The Greengenes database performed worst in all tested environments, except for the vagimock data set at the genus level, for which it performed similarly to the other databases. On the other hand, the RDP, GTDB, and SILVA databases yielded better results across all environments and regions. Previous studies have already pointed out the increased accuracy of SILVA and RDP databases in comparison to Greengenes (3), mainly due to the fact that, in the last few years, SILVA and RDP have been updated more frequently than Greengenes. The better performance of Greengenes in identifying genus-level classifications within the vagimock data set could be attributed to the low complexity of this mock community. It has been observed that database limitations may not be as apparent when analyzing mock communities with limited characteristics (3).

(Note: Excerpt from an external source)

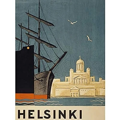 Wee Blue Coo Finland Helsinki Cathedral Ships Unframed Art Print Poster Wall Decor 12X16 Inch
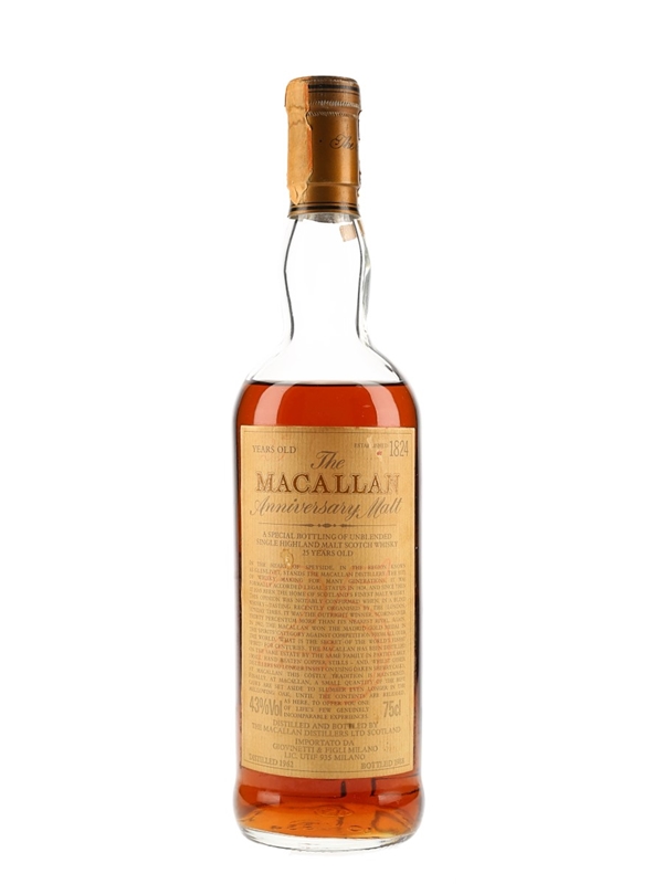 A bottle of The Macallan 1962 Single Highland Malt Scotch Whisky. This was matured in sherry casks for 25 years and bottled in 1988 as part of the Anniversary Malt series. This was imported to the Italian market by Giovinetti & Figli.

Results from the 10-fold cross-validation showed that Greengenes2, GSR, and ITGDB databases presented significantly better performance than the other databases in almost all levels and regions, which is consistent with the results obtained in the mock community validation (Fig. 2). At the species level, Greengenes 2 outperformed GSR, with the exception of the region V1–V3.

Case study: vaginal and gut data sets

In methodological benchmarking studies, it is crucial to contextualize the benchmarking outcomes using actual biological data. Therefore, 10 vaginal and 10 gut microbiome samples were analyzed from Vargas et al. (23) and Yáñez et al. (22) data sets, containing 2,089 and 31,885 V4 representative sequences, respectively. These data sets allowed us to assess the consistency of taxonomic nomenclature among our newly built database and other existing databases, including Greengenes, Greengenes2, GTDB, ITGDB, RDP, and SILVA. Additionally, the analysis of real data sets allowed us to compare the computational cost of taxonomy profiling among the aforementioned reference databases.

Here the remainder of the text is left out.